Problem Description XOR is a kind of bit operator, we define that as follow: for two binary base number A and B, let C=A XOR B, then for each bit of C, we can get its value by check the digit of corresponding position in A and B. And for each digit, 1 XOR 1 = 0, 1 XOR 0 = 1, 0 XOR 1 = 1, 0 XOR 0 = 0. And we simply write this operator as ^, like 3 ^ 1 = 2,4 ^ 3 = 7. XOR is an amazing operator and this is a question about XOR. We can choose several numbers and do XOR operatorion to them one by one, then we get another number. For example, if we choose 2,3 and 4, we can get 2^3^4=5. Now, you are given N numbers, and you can choose some of them(even a single number) to do XOR on them, and you can get many different numbers. Now I want you tell me which number is the K-th smallest number among them.
Input First line of the input is a single integer T(T<=30), indicates there are T test cases.
For each test case, the first line is an integer N(1<=N<=10000), the number of numbers below. The second line contains N integers (each number is between 1 and 10^18). The third line is a number Q(1<=Q<=10000), the number of queries. The fourth line contains Q numbers(each number is between 1 and 10^18) K1,K2,......KQ.
Output For each test case,first output Case #C: in a single line,C means the number of the test case which is from 1 to T. Then for each query, you should output a single line contains the Ki-th smallest number in them, if there are less than Ki different numbers, output -1.
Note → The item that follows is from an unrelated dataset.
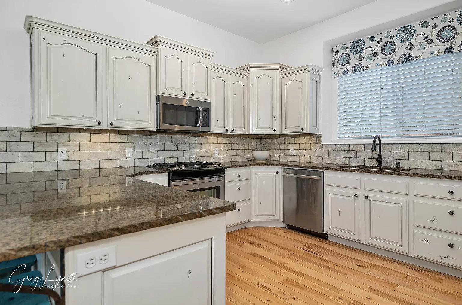 home is stunning inside and out! Beautiful cathedral ceilings bring ample natural light into the main level living area. Thoughtfully designed built ins, crown molding and welcoming colors. Lovely kitchen has granite island and beautiful cabinets with glass detail. Gorgeous hardwood floors in kitchen and dining area leading out to oversize patio, raised beds and convenient shed great for storage or work space. Main level master with walk in closet, ensuite spa garden tub, double vanities, and large shower. Large bedrooms and lots of storage throughout. No front and back neighbors and walking distance to shops and restaurants. Welcome home!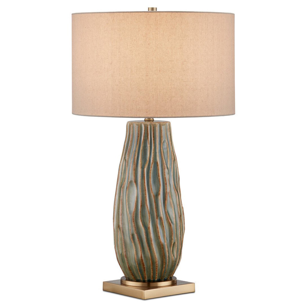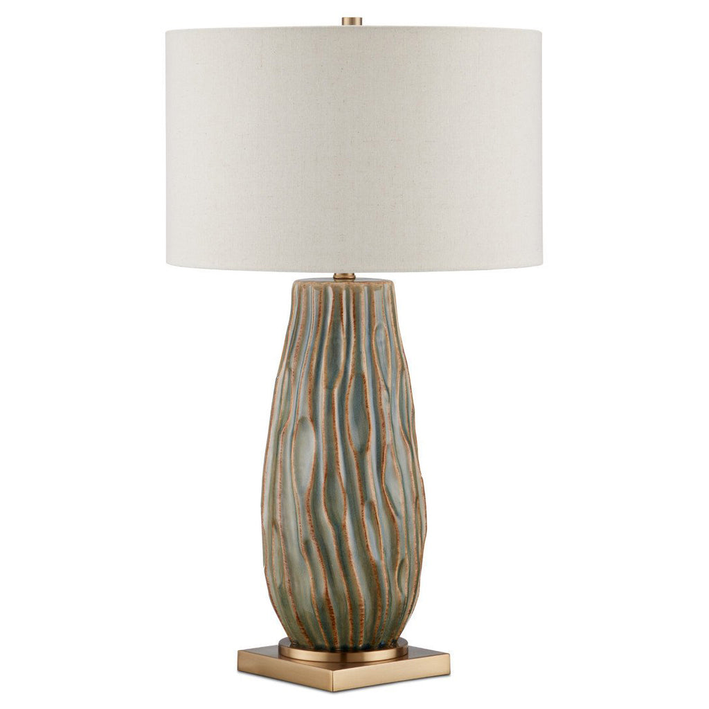 The Water-borne Table Lamp, with its flowing peaks and valleys, looks like a gushing stream in the springtime. Made of ceramic, the artful composition is covered in a forest reactive glaze with green hues filling the valleys and tan tones enlivening its peaks. The green lamp rises from a metal base in an antique brass finish and a matching finial fastens the drum shade to the fixture.

Sample Input 2 2 1 2 4 1 2 3 4 3 1 2 3 5 1 2 3 4 5
Sample Output Case #1: 1 2 3 -1 Case #2: 0 1 2 3 -1 Hint If you choose a single number, the result you get is the number you choose. Using long long instead of int because of the result may exceed 2^31-1.

//

#include<iostream>
#include<cstdio>
#include<cstring>
#include<algorithm>
using namespace std;
#define bignum long long
const int maxn=11000;
//求a中第k小異或值(a[i]可單獨取)
bignum a[maxn];
int n;//0->n-1
int l;//線性基個數
//將a[i]寫成2進位制形式,化簡成標準行列式形式(左上角E,右下角0)
void Gauss(const int m=62)
{
    l=0;
    for(int i=m;i>=0;i--)//位數
    {
        int flag=0;
        for(int j=l;j<n;j++)
        {
            if(a[j]&(1LL<<i))//1LL  important
            {
                swap(a[l],a[j]);flag=1;break;
            }
        }
        if(flag)
        {
            for(int j=0;j<n;j++)
            {
                if(j!=l&&(a[j]&(1LL<<i))) a[j]^=a[l];
            }
            l++;
        }
    }
}
bignum calc(bignum k,const int m=62)
{
   //0特殊處理
   if(l<n)//存在異或值為0
   {
       if(k==1) return 0;
       else k--;
   }
   if(k>=(1LL<<l)) return -1;
   bignum cnt=0;
   for(int i=0;i<=m;i++)
   {
       if(k&(1LL<<i)) cnt^=a[l-i-1];
   }
   return cnt;
}
int main()
{
    int ci,pl=1;scanf("%d",&ci);
    while(ci--)
    {
        scanf("%d",&n);
        for(int i=0;i<n;i++) scanf("%I64d",&a[i]);
        Gauss();
        int q;scanf("%d",&q);
        printf("Case #%d:\n",pl++);
        while(q--)
        {
            bignum k;scanf("%I64d",&k);
            printf("%I64d\n",calc(k));
        }
    }
    return 0;
}